Docker Selenium version (image tag)

4.18.1

Selenium Grid chart version (chart version)

0.28.4

github-actions[bot] commented 8 months ago

@Aymen-Ben-S, thank you for creating this issue. We will troubleshoot it as soon as we can.


Info for maintainers

Triage this issue by using labels.

If information is missing, add a helpful comment and then I-issue-template label.

If the issue is a question, add the I-question label.

If the issue is valid but there is no time to troubleshoot it, consider adding the help wanted label.

If the issue requires changes or fixes from an external project (e.g., ChromeDriver, GeckoDriver, MSEdgeDriver, W3C), add the applicable G-* label, and it will provide the correct link and auto-close the issue.

After troubleshooting the issue, please add the R-awaiting answer label.

Thank you!

alequint commented 8 months ago

Just to add some additional context about the problem above... it is the same mentioned here: https://github.com/SeleniumHQ/docker-selenium/issues/2129#issuecomment-1970446915

At that time @VietND96 though preStop was stuck and suggested to get some logs from there. Are these logs the same we have in chrome node (obtained via kubectl logs) or is there any other log persisted inside the container and not exposed?
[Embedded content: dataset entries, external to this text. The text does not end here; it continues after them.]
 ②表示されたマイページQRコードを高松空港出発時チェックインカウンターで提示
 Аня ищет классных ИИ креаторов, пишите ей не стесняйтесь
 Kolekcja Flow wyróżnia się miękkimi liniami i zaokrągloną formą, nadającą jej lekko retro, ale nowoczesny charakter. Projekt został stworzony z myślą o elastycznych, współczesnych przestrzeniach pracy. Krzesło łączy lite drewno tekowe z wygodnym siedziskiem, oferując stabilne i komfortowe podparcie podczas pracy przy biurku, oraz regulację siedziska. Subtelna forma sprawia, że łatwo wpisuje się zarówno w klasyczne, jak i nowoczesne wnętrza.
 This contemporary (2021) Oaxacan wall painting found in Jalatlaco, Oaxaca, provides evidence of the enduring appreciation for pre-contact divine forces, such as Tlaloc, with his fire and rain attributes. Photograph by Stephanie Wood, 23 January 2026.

We are using 4.18 images as mentioned above, chrome node has no errors in the log, but the pod does not terminate even after their processes receive the SIGTERM (they keep as Running and/or Terminating - if we restart hub/keda).
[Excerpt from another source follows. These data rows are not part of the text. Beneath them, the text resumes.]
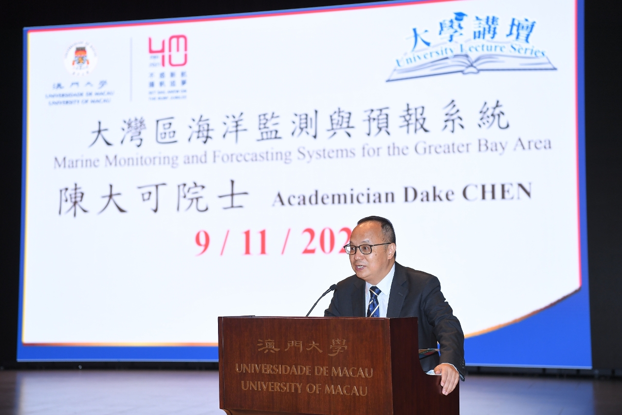 澳门大学今(9)日举行“澳门大学40周年校庆——大学讲坛"讲座,由中国科学院院士、南方海洋科学与工程广东省实验室(珠海)主任陈大可以“大湾区海洋监测与预报系统”为题发表演说,分析了大湾区海洋监测与预报系统的前沿发展,以及未来发展重点。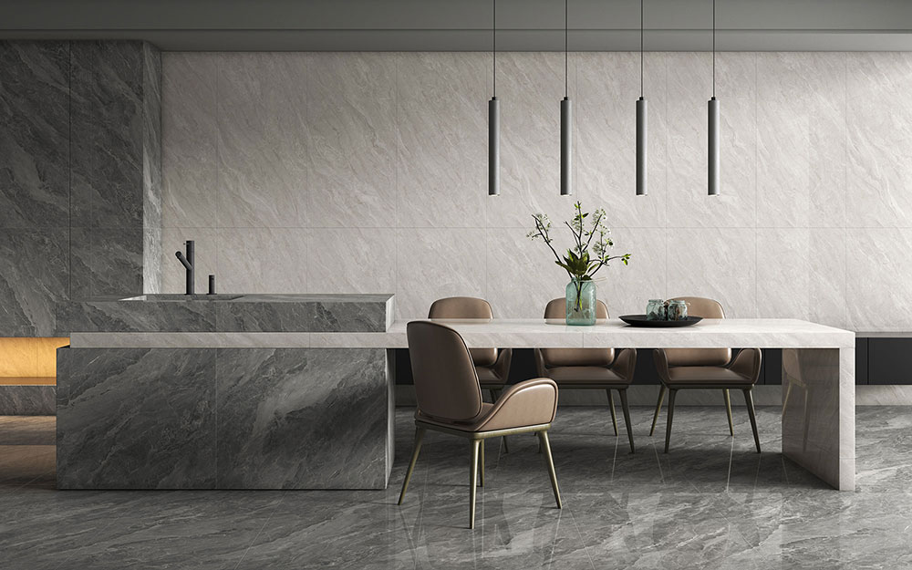 放眼餐厅空间,皆是格兰德灰岩板与阳光互动散发出来的温柔,随着纹理的漫射,空间里每一处都充满优雅的气息。格兰德灰的成熟与雅致,凸显了空间的低调时尚质感。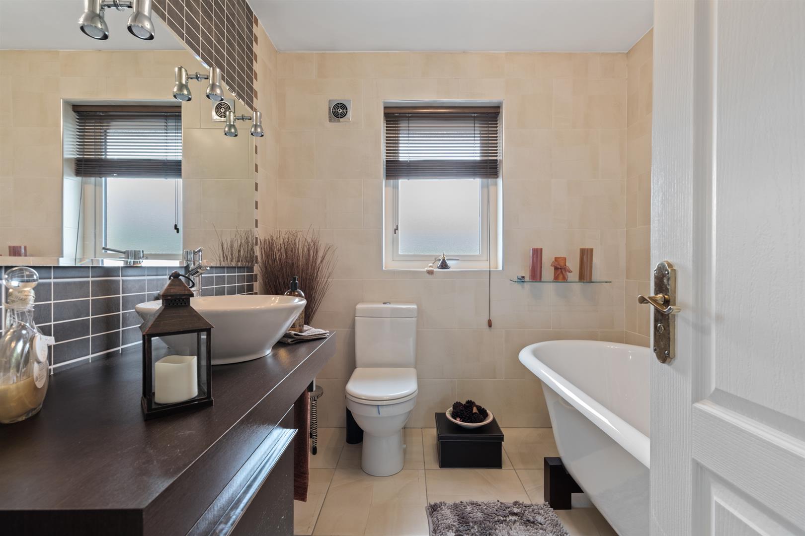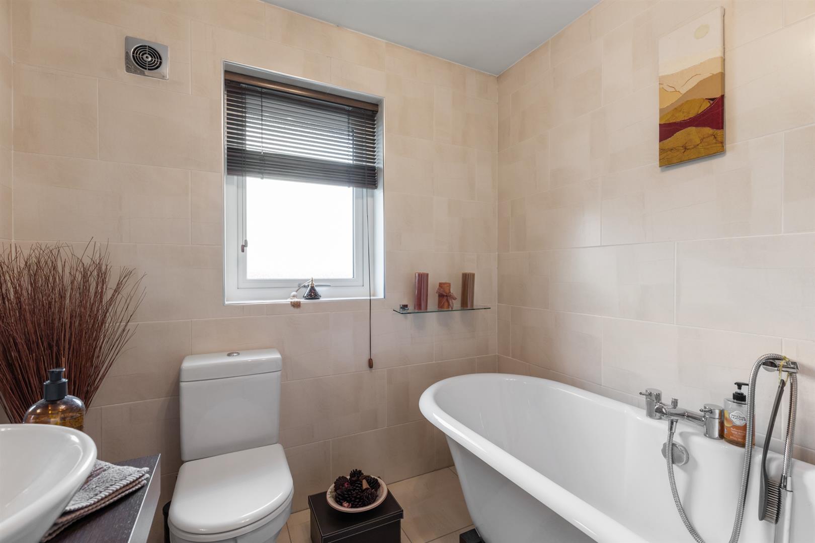 Upstairs, there are three well-proportioned bedrooms, including a main bedroom with built-in wardrobes and an ensuite shower room. A modern family bathroom with freestanding roll top bath and vanity unit completes the first floor.

We do not see this behavior consistently, but once the first node hangs, all the others will hang. It seems cluster/grid enters in a state where selenium processes cannot be killed and nodes live forever.

VietND96 commented 8 months ago

Your K8s env is using runtime contained, right? I am asking this since when looking into message failed to open /proc/187153/ns/ipc: No such file or directory and found something could be similar mentioned in https://github.com/containerd/containerd/issues/9160

alequint commented 8 months ago

@VietND96 our runtime is really running in containers in the same cluster, which are connected with hub via remote web driver (java client). We are not using containerd though. I did not notice the failed message about /proc/187153/ns/ipc: No such file or directory, it is something @Aymen-Ben-S was investigating yesterday. So if it happens randomly it seems this file/directory is found sometimes and sometimes they are not... I am not sure what /proc/187153/ns/ipc directory really means, or how it is used or required for our nodes to stop. I will investigate more in that line.
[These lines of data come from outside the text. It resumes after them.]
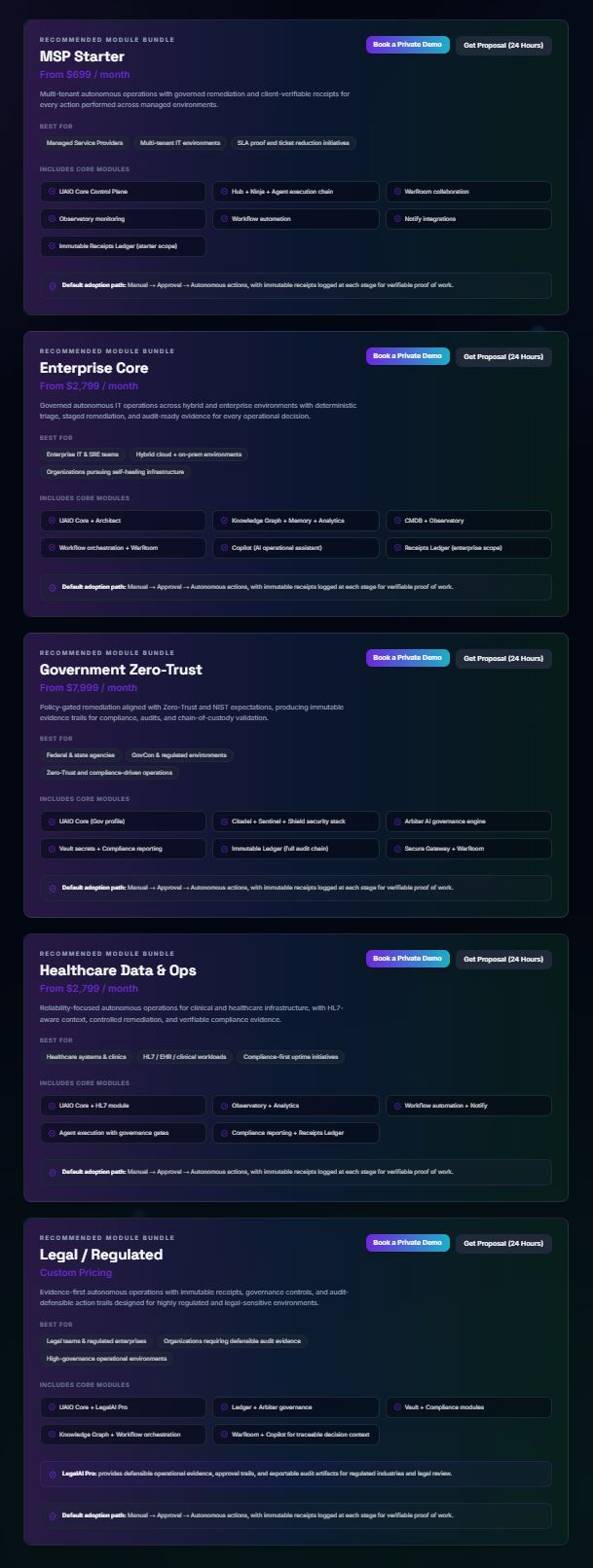 Managed Service Provider, die Multi-Client-Umgebungen in eine einzige autonome Schicht konsolidieren. Unternehmens-IT-Teams, die fragmentierte Tool-Stacks durch eine Plattform ersetzen, die überwacht, behebt und nachweist. Gesundheitssysteme, die HIPAA-konforme Audit-Trails benötigen. Regierungsauftragnehmer, die FISMA-ausgerichtete Dokumentation benötigen, bevor der Prüfer anruft.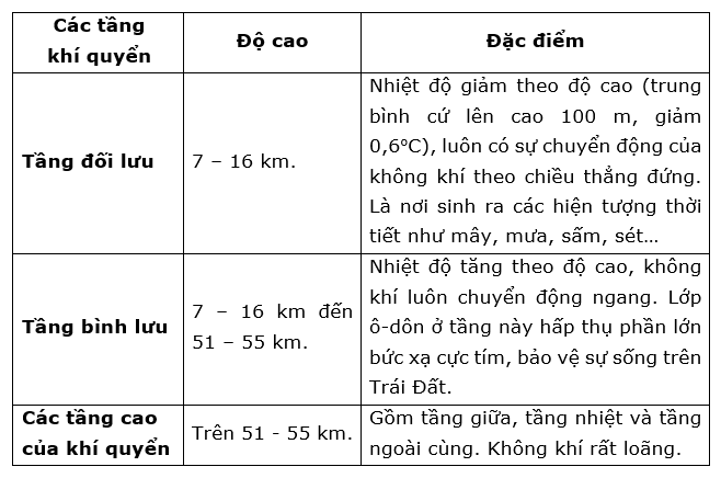 1. Đọc thông tin và quan sát hình 13.1, hãy lập bảng mô tả đặc điểm của các tầng khí quyển.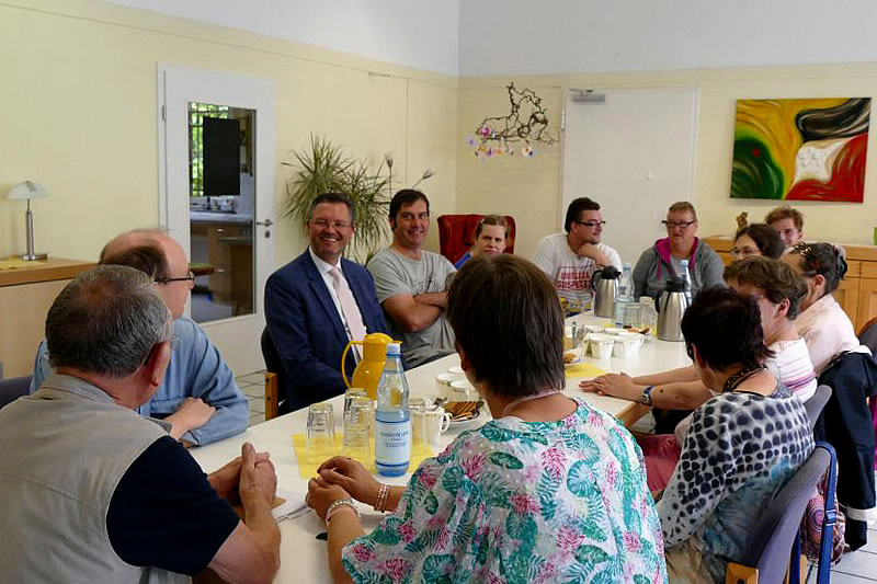 Der Arbeitskreis Politik, der 2017 die Fragen vorbereitet hatte, sowie die damaligen Teilnehmenden an der Wahlveranstaltung im Frauenheim waren sofort mit einer neuen Diskussionsrunde einverstanden. Da sich in den letzten zwei Jahren aber auch wieder viel Neues im Frauenheim getan hatte, wurde Bodo Middeldorf nicht nur Mitte Juli zum AK Politik eingeladen, sondern auch in den Berufsbildungsbereich der WfbM und in die Tagesstruktur Schöntal.

Thanks for the link to the other issue... overall the way we reach to the problem is different, though the absence of that file/dir is quite the same.. will keep an eye on that as well.

VietND96 commented 8 months ago

Can you also try to set global.seleniumGrid.stdoutProbeLog=false I idea behind this config is to let stdout to the pid 1 in the container that you can see /opt/selenium/nodeProbe.sh preStop >> /proc/1/fd/1 Seems /proc/1/fd/1 is a trick and it won't work in all platforms, e.g in this case is OpenShift.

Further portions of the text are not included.